Note, that this study hasn’t been peer-reviewed and should not be cited for medical evidence yet.
While the development of the COVID-19 vaccines marks a notable accomplishment in vaccine development history, and undoubtedly contributes to protection against severe disease and death during the pandemic, actual durability isn’t well studied.
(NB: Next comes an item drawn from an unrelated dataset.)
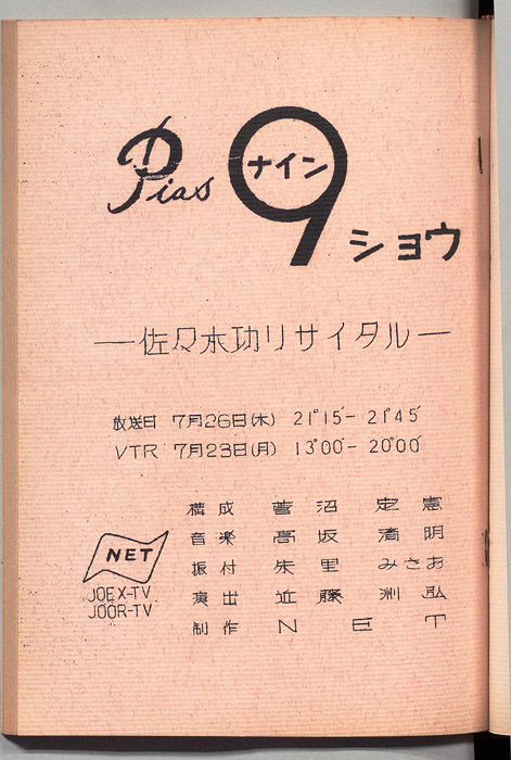 主な出演 : 佐々木功,田辺エイ子,五喜田昭一とロリー・ポップス,朱里みさおとモダン・ダンサーズ,佐々木君のご両親,津川雅彦,井野碩哉,木元教子,(ナレーター)北条美智苗,(演奏)宮間利之とニューハード,(コーラス)東京ルナ・アルモニコ

While COVID-19 ushered a life sciences boom that can benefit humanity for decades to come, unfolding events necessitate a frank, systematic, and comprehensive investigation into the true benefits of these version 1.0 vaccine products.
Mounting evidence in the form of observational studies from Israel, the U.S., and the U.K. to now a national population study from Sweden suggests significant challenges in actual durability of COVID-19 vaccines.
The product effectiveness wanes considerably within a few months. Vaccine performance depends on the actual underlying product as well as various demographic elements such as age, gender, comorbidities, and the like.
Accumulating data points amount to some challenges in the popular narrative about the overall effectiveness of mass vaccination as the only approach to eradicate SARS-CoV-2, the virus behind COVID-19.
TrialSite suggests an urgent need to better understand COVID-19 vaccine durability and overall effectiveness. With mandates and authoritarian leaning governing urges across multiple nations, an open and honest discussion about vaccine durability must be high on the list of national priorities.